Voice recognition hack wins Chicago #DataDev Hackathon

From creating an extension to enable users to set personalized alerts on their dashboard to voice-driven solutions—you won’t want to miss this recap of our Chicago #DataDev Hackathon.

In a city where deep dish pizza and hot dogs reign supreme, Chicago also serves up generous servings of innovation. And innovation is exactly what the Tableau Developer Platform team found during the second stop of the 2019 #DataDev Hackathon series.

The hackathon series has a deceptively simple goal: in 24 hours, hack Tableau and bring an innovative idea to life. In Chicago, teams created hacks that were anything but simple, ranging from an extension to enable users to set personalized alerts on their dashboards from a pop-up, to a solution that assists marketing teams with their Twitter strategy. All the hacks were next-level stuff, but in the end, the winning hack was built by Motorola Solutions.

Interactive, voice-driven solution goes beyond traditional BI

Motorola beat teams from University of Chicago, the Chicago Police Department, and digital agency Conversant Media-who worked on hacks for nearly eight hours before demos began.

The hack has a maximum team size of four, so the Motorola group was able to field two teams.

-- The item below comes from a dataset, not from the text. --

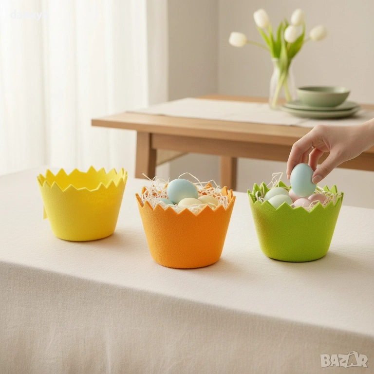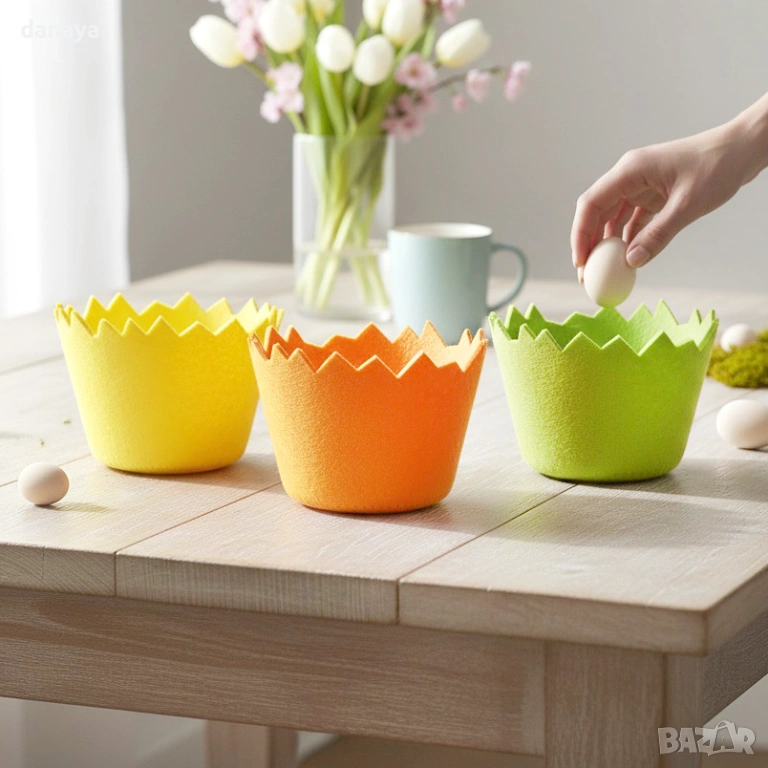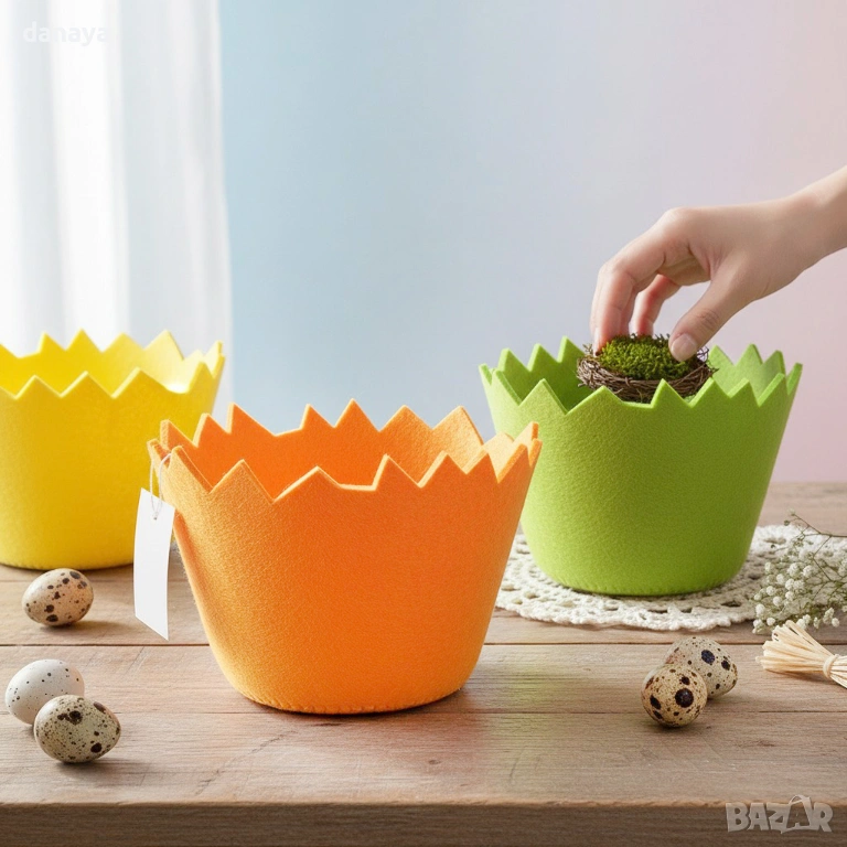 Перфектен избор за всеки, който търси великденски панер за яйца, филцова кошничка или практична великденска украса, която носи ред, цвят и празнично настроение.

The winning team included Benjamin Goodman, Tableau platform lead; Clara Wu, data relationship manager; Erica Li, business data engineer; and Shailesh Patel, Global Data Analyst. The team built a voice command driven solution that delivers custom-filtered reports to the requestor's email on demand. This also included a monitoring dashboard to track requests, their performance on the Tableau Server, capture fulfillment status, and establish the most requested unfulfilled phrases for future development.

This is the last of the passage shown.